All content in digital formats can be characterized as structured or unstructured data. In actuality, all data is structured—even typing on a keyboard “structures” a text as an alphabetic file and links it to an ASCII keyboard and strokes. The distinction of one letter from another or from a number structures the data at the primary level. But the concept of “structured data” is used to refer to another, second, level of organization that allows data to be managed or manipulated through that extra structure. Common ways to structure data are to introduce markup using tags, to use comma separated values, or other data structures. The distinction between structured/unstructured data has ramifications for the ways information can be used, analyzed, and displayed.
Structured data is given explicit formal properties by means of the secondary levels of organization, or encoding, referred to above. These use extra elements (ex: tags), data structures (tables, spreadsheets, database collections), or other means to add an extra level of interpretation or value to the data. The term unstructured data is generally used to refer to texts, images, sound files, or other digitally encoded information that has not had a secondary structure imposed upon it.

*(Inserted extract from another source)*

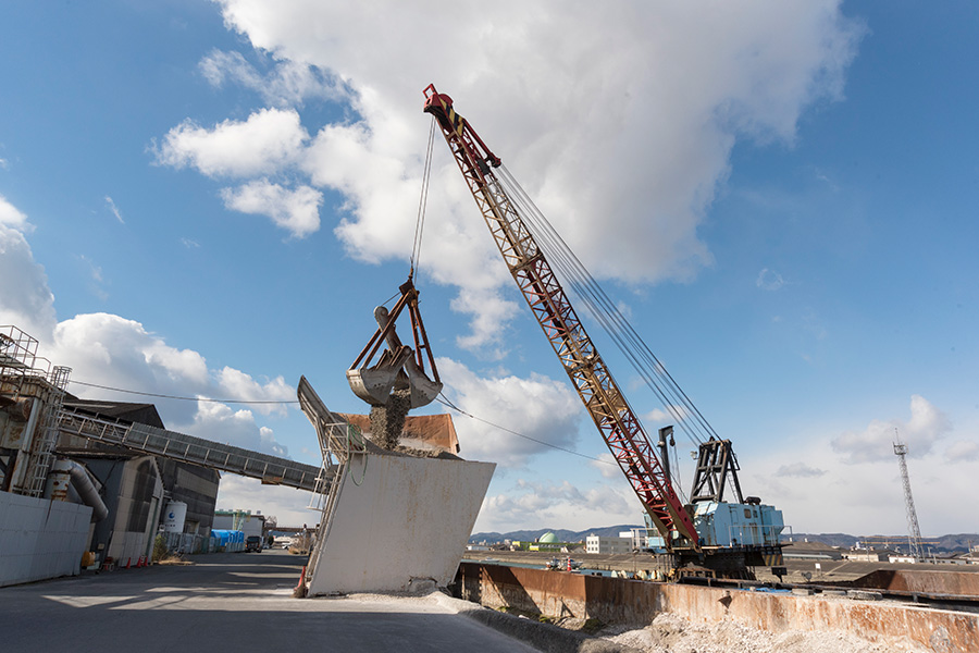 カキ殻を堆積場から工場へ運搬し、製造がはじまります。

How are online documents encoded in order to be machine-readable? In the humanities, why is this done? Regardless of whether most people notice them, what are some everyday examples of markup? What encoding guidelines or standards might be relevant to projects in this class? Furthermore, what are the possible ethical implications of structured data forms?
Reading
Media
- Annelise Dowd – Metadata, Markup, and Discoverability https://youtu.be/zyFvMslPRW0
- Big Data + Old History https://youtu.be/tp4y-_VoXdA
- The Truth about Algorithms https://www.youtube.com/watch?v=heQzqX35c9A
- Age of the Algorithm https://player.fm/series/ninety-nine-percent-invisible/274-the-age-of-the-algorithm
Exercises
- Use Hypothes.is to annotate the two required readings listed above. Add metadata to your annotations by tagging them: engl201week3
- Read the page of the Omeka manual outlining Dublin Core Metadata. Add five files to your Omeka installation you setup in Week 2 and update as many metadata fields as are relevant to the media items. In Week 2 you added some photos to your Omeka installation, this week let’s add:
- Two small sound files (MP3)
- 2 video files (MP4)
- 1 image file (JPG or PNG)
- The metadata you add to your MP3 item and MP4 item in Omeka will provide us all with more context and insight into your items. You can record your own sound and video for this exercise with your mobile phone. There are many online applications and free mobile apps you can use to convert mobile phone media to MP3 and MP4. If you are unable to find one that works for you, please ask in https://chat.opended.ca. If you find one that works really well for you, please consider sharing it in https://chat.opended.ca so others may benefit from your discovery.
- When that is done, create a post at your website with a link to those items in your Omeka installation. Briefly outline why you chose those items and how you see the metadata for those items helps visitors to your site better understand your chosen media items. Did you encounter difficulties? If so, how did you overcome them?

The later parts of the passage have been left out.